Я сам не знал, какого ответа ожидаю на свой глупый вопрос: мне почему-то просто хотелось растопить эту холодность. Но вот опять ее загадочный взгляд- пряный коктейль из удивления, порицания, силы и обреченности. Такой долгий, что мне с трудом удалось выдержать его.
- Я понимаю, что это именно так выглядит со стороны. Но поверьте, этому человеку не страшно умирать. Что если ему просто страшно довериться?
- Страшно довериться? Довериться кому-то или чему-то?
- Чему-то.

- Так я ведь не просил довериться. Особенно, этой летающей штуковине. Но ведь не познать в жизни ничего из-за страха- далеко не радужная перспектива.

- А что если у каждого свои представления на счет того, что надо познавать в жизни? Разве можно составить такой лист достопримечательностей - универсальный и обязательный для всех?
- Многие составляют. Сами для себя. Некоторые списывают у других, конечно. Хотя, я знал таких, у кого этот лист принципиально пустовал. Следовательно, вы одна из них?
Она ответила той знакомой улыбкой:
- Я бы не сказала, что пустует. Но, все же, неразумно было бы делиться об этом с незнакомцем.
- Ах да, конечно. Было бы весьма опрометчиво с вашей стороны.
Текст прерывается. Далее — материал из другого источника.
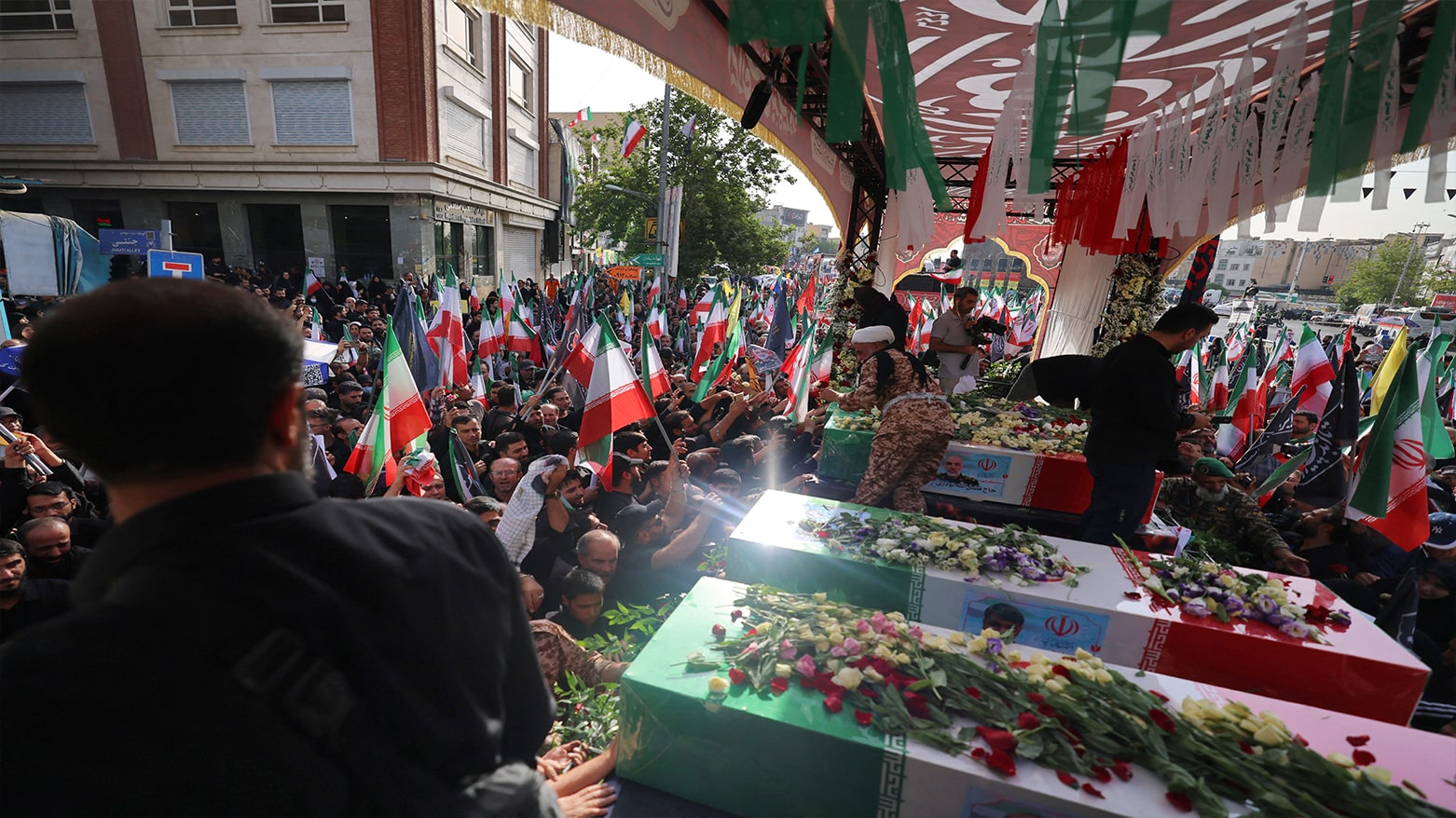 Before the interment of the 60, an 11 -kilometre funeral procession is holding between two important squares in the capital city of Teheran.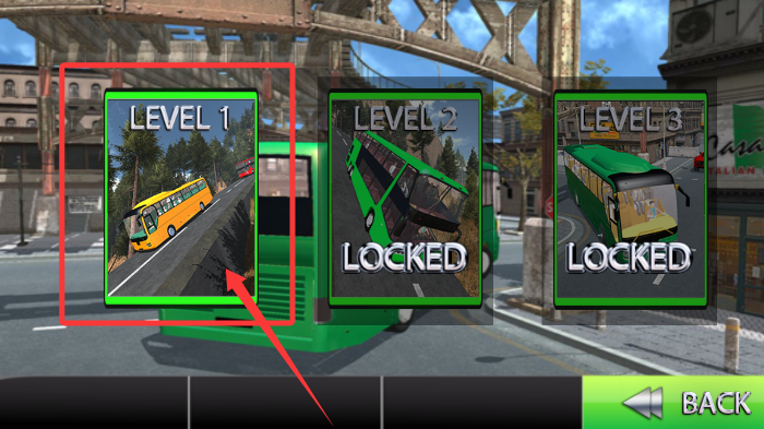 3、从车库中挑选心仪的汽车准备启程,操控巴士沿着规划路线平稳行驶。

Мне стало как-то неловко, и мне показалось, будто рука моя обожглась обо что-то сильно горячее, или холодное. Я отпустил ее руку.

- Спасибо,- вдруг послышался ее голосок,- я не поблагодарила вас за помощь. И простите за слабость. Вы правы. Да, мне бы очень не хотелось умереть именно в этом самолете.

- Вы говорите так, будто есть разница.

- А вы, стало быть, считаете, что разницы нет.

- Просто я долгие годы провел, общаясь с людьми, которые предпочитали всеми силами продлить свое блуждание по жизни, порой бесцельное, нежели сделать его хоть чуточку интереснее.
- Так легко об этом говорить. Но мне кажется, что лично вам, Доктор Гройдинг, не захотелось бы попрощаться с жизнью именно в этой железяке, не приблизившись к своей цели еще на шаг. А потом еще на один. И так до конца…
- …которого нет.

Ее ангельский голосок звучал одурманивающе. Мое имя в ее устах… Как будто оно произносилось так вечно. Но вдруг меня осенило.

- Простите, фрау. Мне послышалось, или вы знаете, как меня зовут?

- Ну, это не доставило мне труда. У вас из-под пиджака выглядывал бейдж. Видимо, тяжелый был день, доктор?

- Да нет, как обычно. Но я не удостоился чести называть Вас по имени… И да, это отлично, что в английском языке нет различий между ”ты” и ”вы”, а то бы мне сейчас сильно захотелось бы попросить Вас перейти на ‘ты’.

Она беспечно засмеялась. Маленькие, трогательные зубки.

- Мне и в голову не пришло бы тебе отказывать. Не люблю эти условности. Хотя у нас, в венгерском, например, есть целых два местоимения для этих изысканных вежливостей.

- Так ты прелестная, юная мадьярка?!

- Криштоф… Каталин.

- Честь имею. Герман… Герман Гройдинг.

- Как забавно. Если бы я не знала, что Гройдинг- это фамилия, вполне могла бы предположить, что имя. Ведь ты назвал его вторым.

- Знаешь, Каталин. Не проживи бы я десять лет на чужбине, то удивился бы твоему искреннему удивлению. Культурные различия… Но ведь они не делают тебя и меня по-настоящему разными.

- А не имеешь ли ты в виду общий ДНК?

- Видишь ли, Трине, я имел в виду общую любовь к кофе. Позволь угостить тебя.

-Трине? А мне нравиться!… Как и идея с кофе!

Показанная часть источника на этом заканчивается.